▶ INFORMATION SUPPLIED:
>>>>
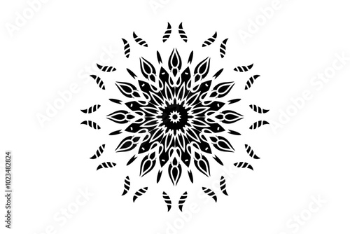 A black and white illustration of a flower, showcasing intricate details and elegant lines in a minimalist design
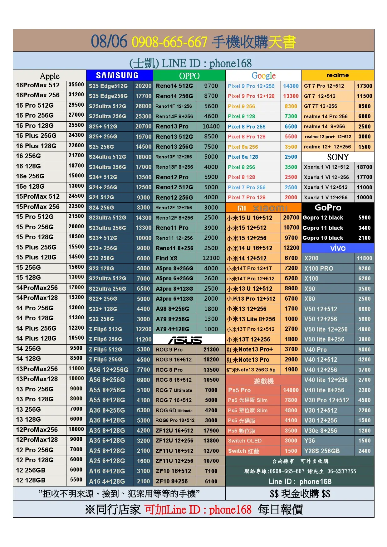 你想的到的在台南賣手機、收手機、中古機、行情、回收購買、拋售、收購等等的都在0908-665-667。台南二手機『超』高價收購找就對了~
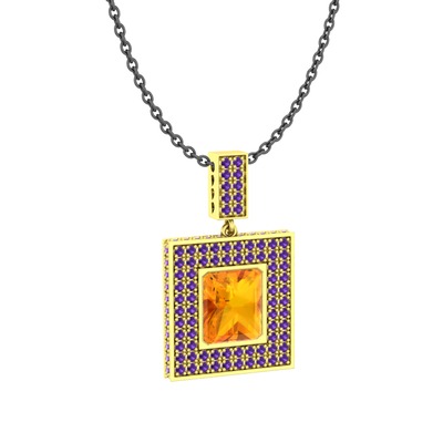 Sitrin ve ametist 925 ayar altın kaplama gümüş kolye (40 cm gümüş rolo zincir)
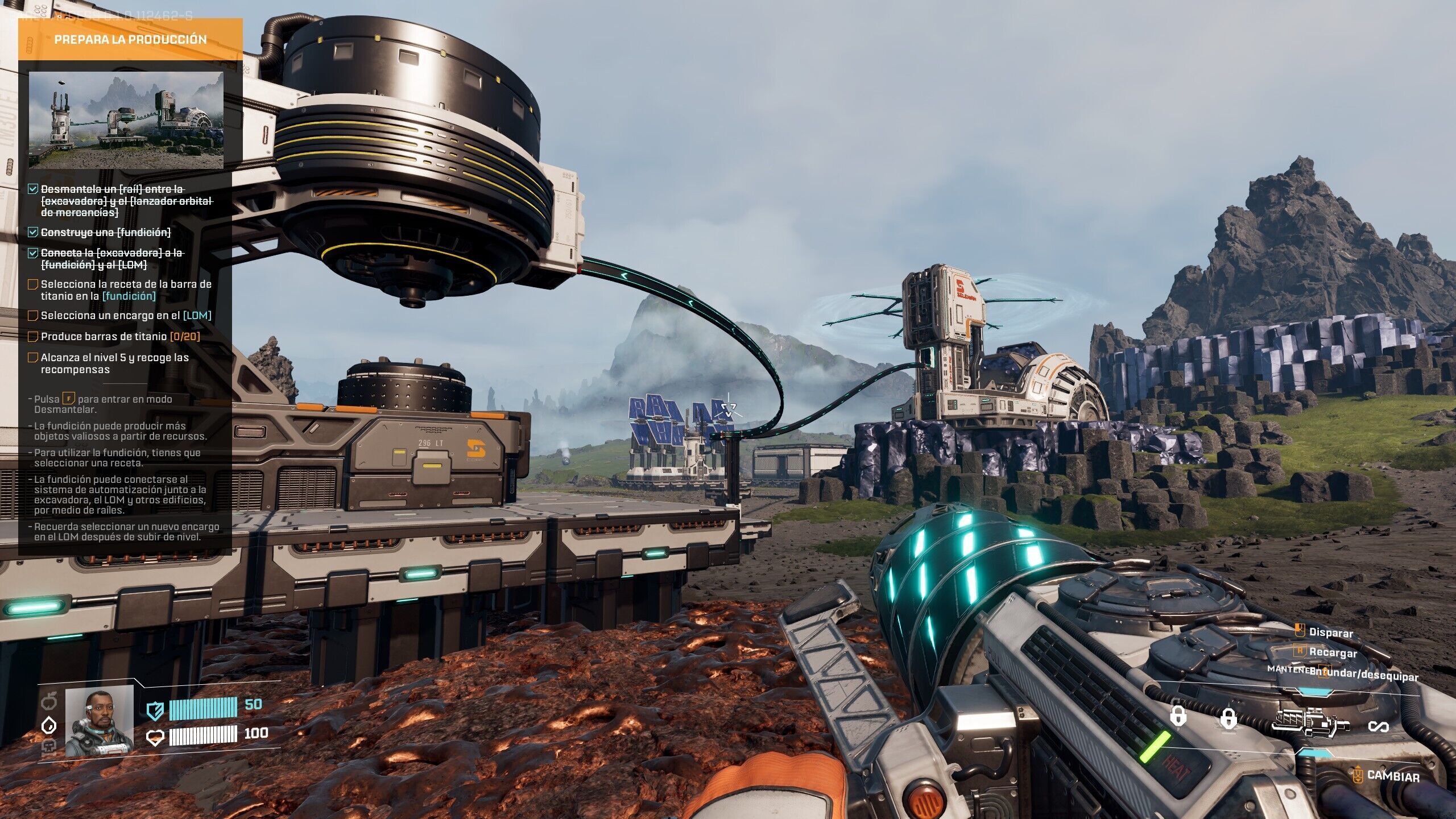 Cesados los rugidos de la tripa y la sequedad de la garganta, volvimos al enclave metálico, futurista, áspero y ajeno, en medio de la naturaleza alienígena, que empezaba a ser nuestro hogar. Comenzamos a desbloquear otras edificaciones. Una procesaba el mineral que le llevábamos. Otra, la fabricadora, hacía lo que su nombre indica: crear tubos de metal, paneles y otros objetos que, al menos de momento, no son para nosotros, sino para enviarlos a la Tierra mediante las lanzaderas, que ya eran varias.
<<<<
▶ WORK REQUIRED: Please return only the lines from the top of the data through the line with "Sitrin ve ametist", exactly as written, and drop every picture.

▶ YOUR RESPONSE:
 A black and white illustration of a flower, showcasing intricate details and elegant lines in a minimalist design
 你想的到的在台南賣手機、收手機、中古機、行情、回收購買、拋售、收購等等的都在0908-665-667。台南二手機『超』高價收購找就對了~
 Sitrin ve ametist 925 ayar altın kaplama gümüş kolye (40 cm gümüş rolo zincir)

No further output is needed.